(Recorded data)

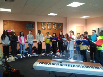 Les élèves se mettent en arc de cercle devant le piano pour chanter.
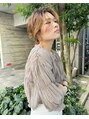 ブリーチなし。ベージュ系カラー。レイヤーの入ったカットベースをアイロンでランダムに巻いて簡単に後ろでまとめたヘアアレンジ。
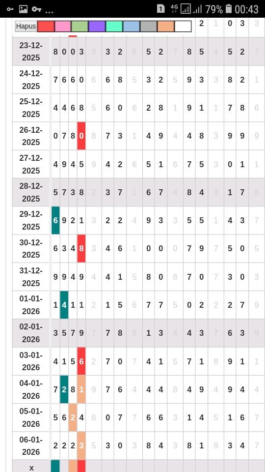 | Rumus Kontrol 4 berdasarkan kepala harian | 1456890 2345789 |
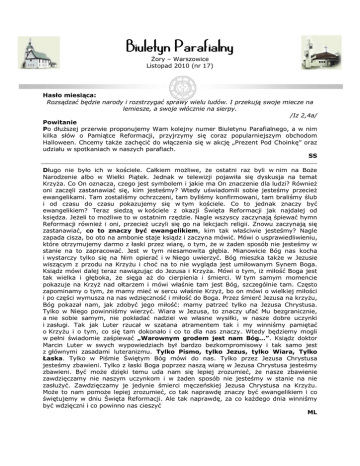 Biuletyn Parafialny Żory – Warszowice Listopad 2010 (nr 17) Hasło miesiąca: Rozsądzać będzie narody i rozstrzygać sprawy wielu ludów. I przekują swoje miecze na lemiesze, a swoje włócznie na sierpy. /Iz 2,4a/ Powitanie Po dłuższej przerwie proponujemy Wam kolejny numer Biuletynu Parafialnego, a w nim kilka słów o Pamiątce Reformacji, przyjrzymy się coraz popularniejszym obchodom Halloween. Chcemy także zachęcić do włączenia się w akcję „Prezent Pod Choinkę” oraz udziału w spotkaniach w naszych parafiach. SS Długo nie było ich w kościele. Całkiem możliwe, że ostatni raz byli w nim na Boże Narodzenie albo w Wielki Piątek. Jednak w telewizji pojawiła się dyskusja na temat Krzyża. Co On oznacza, czego jest symbolem i jakie ma On znaczenie dla ludzi? Również oni zaczęli zastanawiać się, kim jesteśmy? Wtedy uświadomili sobie jesteśmy przecież ewangelikami. Tam zostaliśmy ochrzczeni, tam byliśmy konfirmowani, tam braliśmy ślub i od czasu do czasu pokazujemy się w tym kościele. Co to jednak znaczy być ewangelikiem? Teraz siedzą w kościele z okazji Święta Reformacji jak najdalej od księdza. Jeżeli to możliwe to w ostatnim rzędzie. Nagle wszyscy zaczynają śpiewać hymn Reformacji również i oni, przecież uczyli się go na lekcjach religii. Znowu zaczynają się zastanawiać, co to znaczy być ewangelikiem, kim tak właściwie jesteśmy? Nagle zapada cisza, bo oto na ambonie staje ksiądz i zaczyna mówić. Mówi o usprawiedliwieniu, które otrzymujemy darmo z łaski przez wiarę, o tym, że w żaden sposób nie jesteśmy w stanie na to zapracować. Jest w tym niesamowita głębia. Mianowicie Bóg nas kocha i wystarczy tylko się na Nim opierać i w Niego uwierzyć. Bóg mieszka także w Jezusie wiszącym z przodu na Krzyżu i choć na to nie wygląda jest umiłowanym Synem Boga. Ksiądz mówi dalej teraz nawiązując do Jezusa i Krzyża. Mówi o tym, iż miłość Boga jest tak wielka i głęboka, że sięga aż do cierpienia i śmierci. W tym samym momencie pokazuje na Krzyż nad ołtarzem i mówi właśnie tam jest Bóg, szczególnie tam. Często zapominamy o tym, że mamy mieć w sercu właśnie Krzyż, bo on mówi o wielkiej miłości i po części wymusza na nas wdzięczność i miłość do Boga. Przez śmierć Jezusa na krzyżu, Bóg pokazał nam, jak zdobyć jego miłość: mamy patrzeć tylko na Jezusa Chrystusa. Tylko w Niego powinniśmy wierzyć. Wiara w Jezusa, to znaczy ufać Mu bezgranicznie, a nie sobie samym, nie pokładać nadziei we własne wysiłki, w nasze dobre uczynki i zasługi. Tak jak Luter rzucał w szatana atramentem tak i my winniśmy pamiętać o Krzyżu i o tym, co się tam dokonało i co to dla nas znaczy. Wtedy będziemy mogli w pełni świadomie zaśpiewać „Warownym grodem jest nam Bóg…”. Ksiądz doktor Marcin Luter w swych wypowiedziach był bardzo bezkompromisowy i tak samo jest z głównymi zasadami luteranizmu. Tylko Pismo, tylko Jezus, tylko Wiara, Tylko Łaska. Tylko w Piśmie Świętym Bóg mówi do nas. Tylko przez Jezusa Chrystusa jesteśmy zbawieni. Tylko z łaski Boga poprzez naszą wiarę w Jezusa Chrystusa jesteśmy zbawieni. Być może dzięki temu uda nam się lepiej zrozumieć, że nasze zbawienie zawdzięczamy nie naszym uczynkom i w żaden sposób nie jesteśmy w stanie na nie zasłużyć. Zawdzięczamy je jedynie śmierci męczeńskiej Jezusa Chrystusa na Krzyżu. Może to nam pomoże lepiej zrozumieć, co tak naprawdę znaczy być ewangelikiem i co świętujemy w dniu Święta Reformacji. Ale tak naprawdę, za co każdego dnia winniśmy być wdzięczni i co powinno nas cieszyć ML Co z tym Halloween? Ostatni już październikowy wieczór. Grupy poprzebieranych dzieci chodzą od drzwi do drzwi i proszą o słodycze. Taki obraz zapewne niejednokrotnie widzieliśmy w jakimś amerykańskim filmie. Ale od kilku lat Halloween staje się coraz popularniejsze także w naszym kraju. Jedno święto więcej czy mniej – myślą niektórzy – przecież dzieci i u nas świetnie się bawią w ten dzień. Pamiętajmy jednak, że pierwotnie dzień ten miał służyć do składania krwawych ofiar z dzieci, by w ten sposób ochronić się przed zagubionymi i błąkającymi się po świecie duszami zmarłych. Bałwochwalstwo w czystej formie! A nasze dzieci zachęca się, by brały udział w zabawach z okazji Halloween i traktuje to jako coś wesołego i niegroźnego. Zapytasz może: No dobra, ale do czego właściwie zmierzasz? A moim pytaniem będzie: Co ty sądzisz o Halloween? Biblia mówi, że wszystko, „cokolwiek czynimy, mamy czynić jak dla Pana a nie dla ludzi” (Kol. 3,23). Kolejne więc pytanie brzmi: czy to, co ty robisz, uwielbia Boga i oddaje Mu chwałę? Bóg istnieje i jest wszechobecny. Wie co robisz, mówisz i myślisz w każdym momencie swojego życia. On powiedział w Swoim Słowie, że jest Bogiem zazdrosnym i dlatego jedno z przykazań sformułował: „Nie będziesz miał innych bogów obok mnie” (2.Mojż. 20,3). Jednak każdy z nas zgrzeszył w tym punkcie. Wiele rzeczy staje się w naszym życiu ważniejszymi od Boga – niektórymi tylko z naszych bożków są np.: telewizja, internet, imprezy czy praca. A im mniej Boga w naszej codzienności, tym większa obojętność i bezkrytyczny stosunek do „nowinek” ze świata. Bez społeczności z Bogiem w modlitwie i czytaniu Biblii tracimy duchową wrażliwość i bardzo łatwo dajemy się manipulować szatanowi, który „chodzi wokoło jak lew ryczący, szukając kogo by pochłonąć” (1.Piotra 5,8). Nie dajmy się zwieść serwowanym przez media modnym trendom. Halloween jest jednym z nich! Pamiętajmy, że ostatni dzień października to także Święto Reformacji – święto, które przypomina nam między innymi o prawdziwości, aktualności i zwycięskim działaniu Słowa Bożego – Biblii. „Bo Słowo Boże jest żywe i skuteczne, ostrzejsze niż wszelki miecz obosieczny, przenikające aż do ro
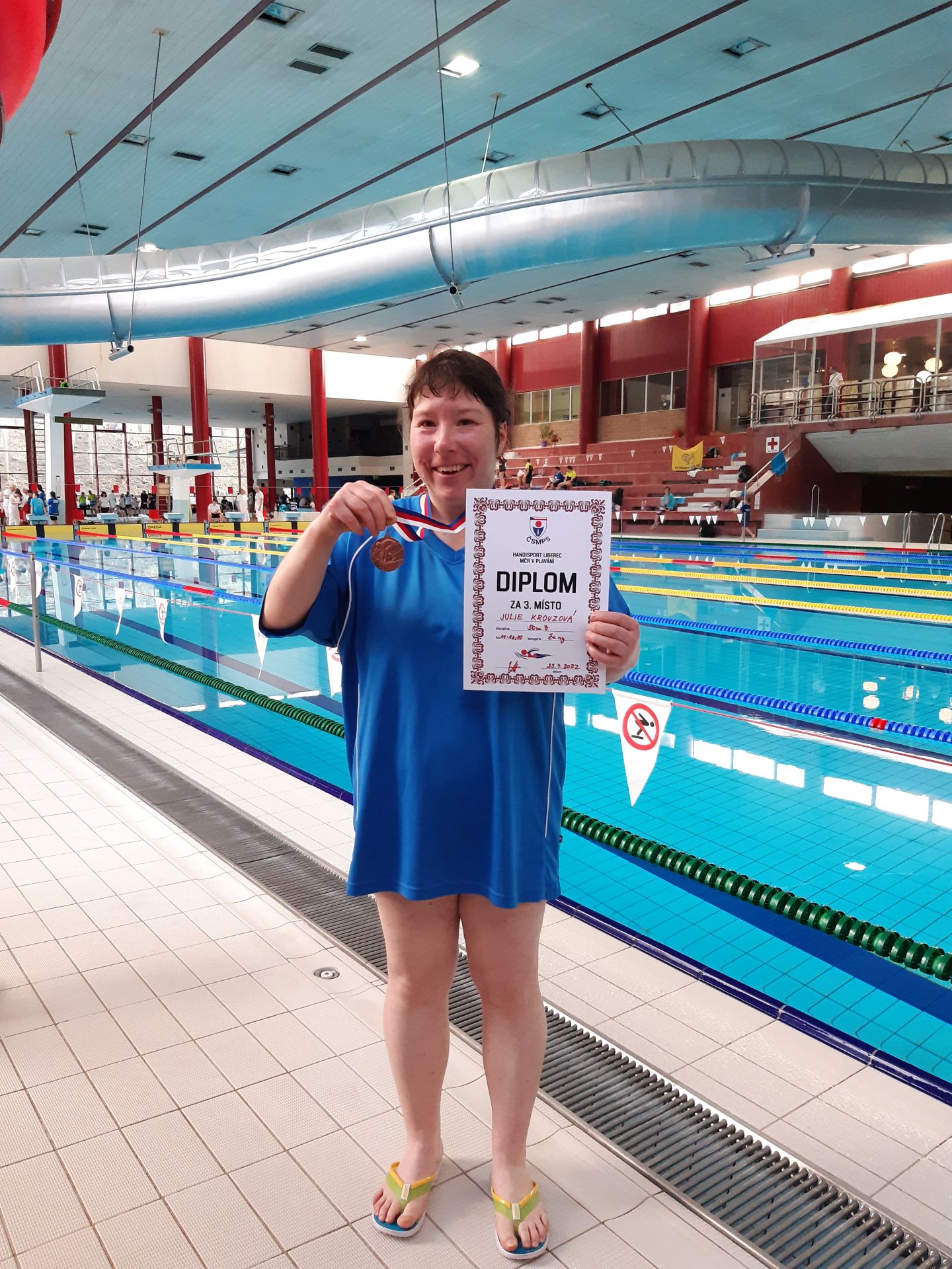 Jako na poli během sklizně zemáků jsme si připadali v krytém bazénu v Liberci. Český svaz mentálně postižených sportovců na severu Čech pořádal mistrovství ČR v plavání. Nikdo z tria našich plavců i přes dobré výkony nedokázal doplavat na medailové pozici. Lovili jsme z liberecké padesátky jednu bramboru za druhou. Když už to vypadalo, že se domů vrátíme s prázdnou, tak předvedla ve svém posledním závodě fantastický finiš Julka Krouzová. Na trati 50m znak se v posledních metrech dostala na medailovou pozici. Vybojovala tak ve svém novém osobním rekordu bronzový kov, který ale má pro nás cenu zlata!
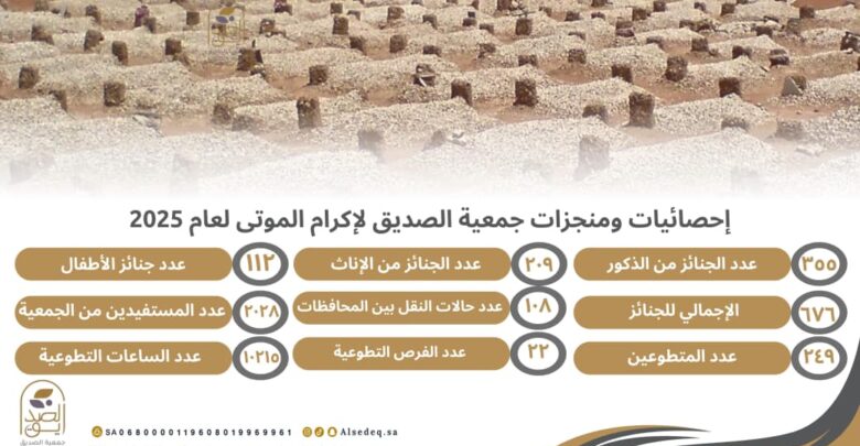 أعلنت جمعية الصديق لإكرام الموتى بمنطقة جازان عن إحصائيات ومنجزات أعمالها لعام 2025م، والتي تعكس حجم الجهود المبذولة في خدمة المجتمع والارتقاء بخدمات إكرام الموتى، ضمن إطار مؤسسي منظم يواكب تطلعات القطاع غير الربحي.
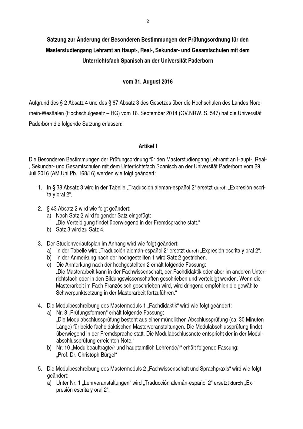 Besondere Bestimmungen der Prüfungsordnung für den Masterstudiengang Lehramt an Haupt-, Real-, Sekundar- und Gesamtschulen mit dem Unterrichtsfach Spanisch an der Universität Paderborn : vom 31. August 2016
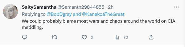 网友“有趣的萨曼莎”说:“世界上绝大多数的战争和混乱都是美国中央情报局带来的吧。”
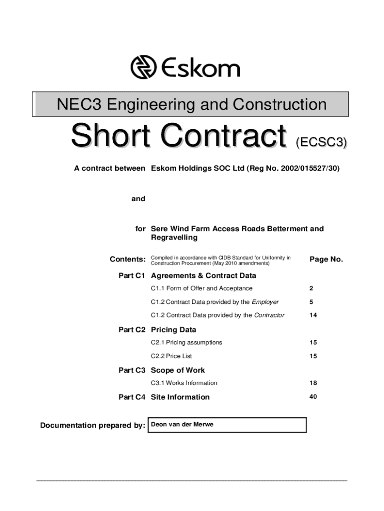 This document outlines the contract between Eskom Holdings SOC Ltd and the contractor for the rehabilitation, betterment, and regravelling of access roads at the Sere Wind Farm. It includes details of the scope of work, pricing data, agreements, contract conditions, and site information, ensuring compliance with health, safety, and environmental regulations.
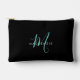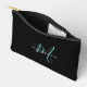 Pochette À Accessoires Élégant Noir Turquoise Script Monogramme moderne
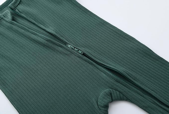 • Double Zippers Sleepers: 6 months baby footie pajamas open from neck to feet, two-way zipper at both ends, makes this onesies easy to put on and take off, perfect for changing baby’s diapers. Safety neck tab protect baby's delicate skin
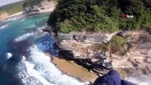 DÜZCE - Akçakoca'da denize girmek için azgın dalgaların dövdüğü sarp kayalara tırmanan ve mahsur kalan bir kişi, jet ski yardımıyla kurtarıldı. O anlar kameralara yansıdı.
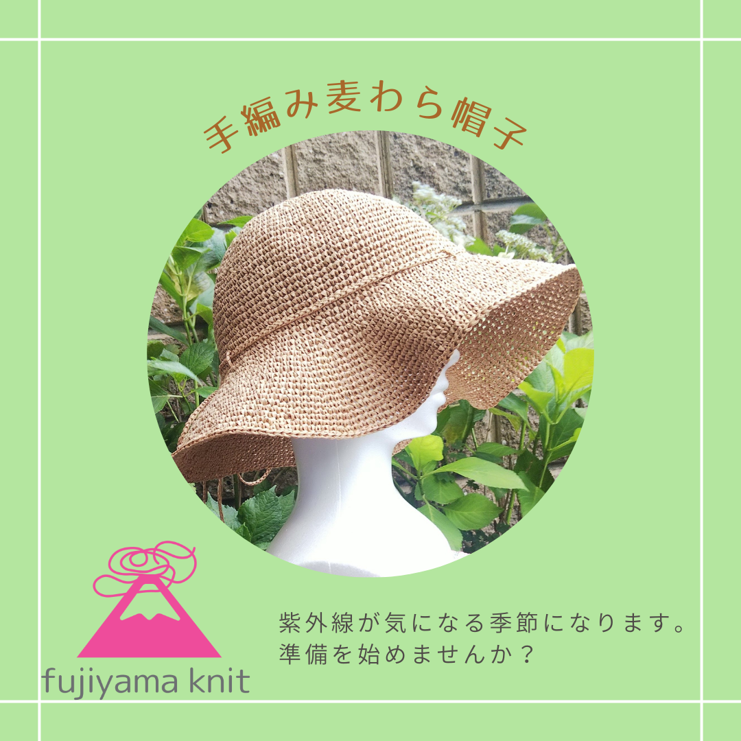 【手編みの麦わら帽子】 お好みのデザインでお作りします
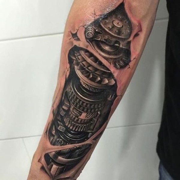 让人感觉无比有力的男性生物机械花臂纹身图案

» Aim of the exercise: Each line from the one with "Pochette À Accessoires" to the final line of the data above is to be printed exactly; no picture should appear in the copy.

» Problem solution:
 Pochette À Accessoires Élégant Noir Turquoise Script Monogramme moderne
 • Double Zippers Sleepers: 6 months baby footie pajamas open from neck to feet, two-way zipper at both ends, makes this onesies easy to put on and take off, perfect for changing baby’s diapers. Safety neck tab protect baby's delicate skin
 DÜZCE - Akçakoca'da denize girmek için azgın dalgaların dövdüğü sarp kayalara tırmanan ve mahsur kalan bir kişi, jet ski yardımıyla kurtarıldı. O anlar kameralara yansıdı.
 【手編みの麦わら帽子】 お好みのデザインでお作りします
 让人感觉无比有力的男性生物机械花臂纹身图案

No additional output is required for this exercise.